* TASK TO COMPLETE *
Everything in the records below from the line containing "Zapraszamy serdecznie do" through the line containing "5月20日,在首度訪臺的海峽" is to be reproduced exactly, those two lines included; no picture is to be copied.

━━━━━ SOURCE DATA ━━━━━

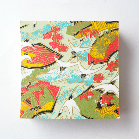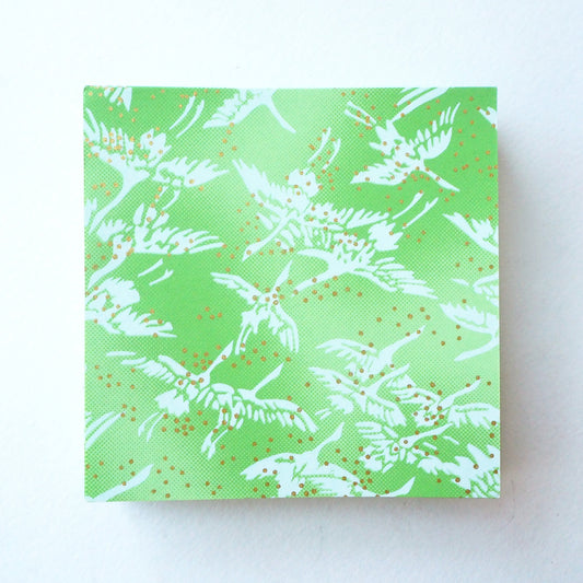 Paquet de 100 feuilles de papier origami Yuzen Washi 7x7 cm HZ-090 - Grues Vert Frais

━━━━━
━━━━━ SOURCE DATA ━━━━━

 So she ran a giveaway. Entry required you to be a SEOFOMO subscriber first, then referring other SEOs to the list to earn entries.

━━━━━
━━━━━ SOURCE DATA ━━━━━

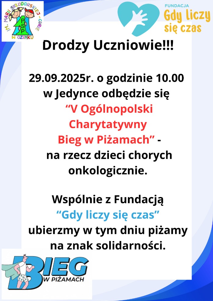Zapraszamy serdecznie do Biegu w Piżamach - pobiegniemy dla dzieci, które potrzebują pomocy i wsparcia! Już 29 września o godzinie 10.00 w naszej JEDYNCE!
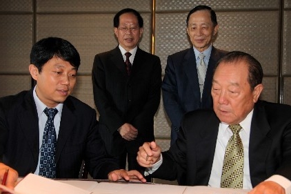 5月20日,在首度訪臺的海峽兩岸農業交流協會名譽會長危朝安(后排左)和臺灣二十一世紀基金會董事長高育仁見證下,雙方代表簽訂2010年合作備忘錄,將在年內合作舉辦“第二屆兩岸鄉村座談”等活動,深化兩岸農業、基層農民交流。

━━━━━

* TASK SOLUTION *
Zapraszamy serdecznie do Biegu w Piżamach - pobiegniemy dla dzieci, które potrzebują pomocy i wsparcia! Już 29 września o godzinie 10.00 w naszej JEDYNCE!
 5月20日,在首度訪臺的海峽兩岸農業交流協會名譽會長危朝安(后排左)和臺灣二十一世紀基金會董事長高育仁見證下,雙方代表簽訂2010年合作備忘錄,將在年內合作舉辦“第二屆兩岸鄉村座談”等活動,深化兩岸農業、基層農民交流。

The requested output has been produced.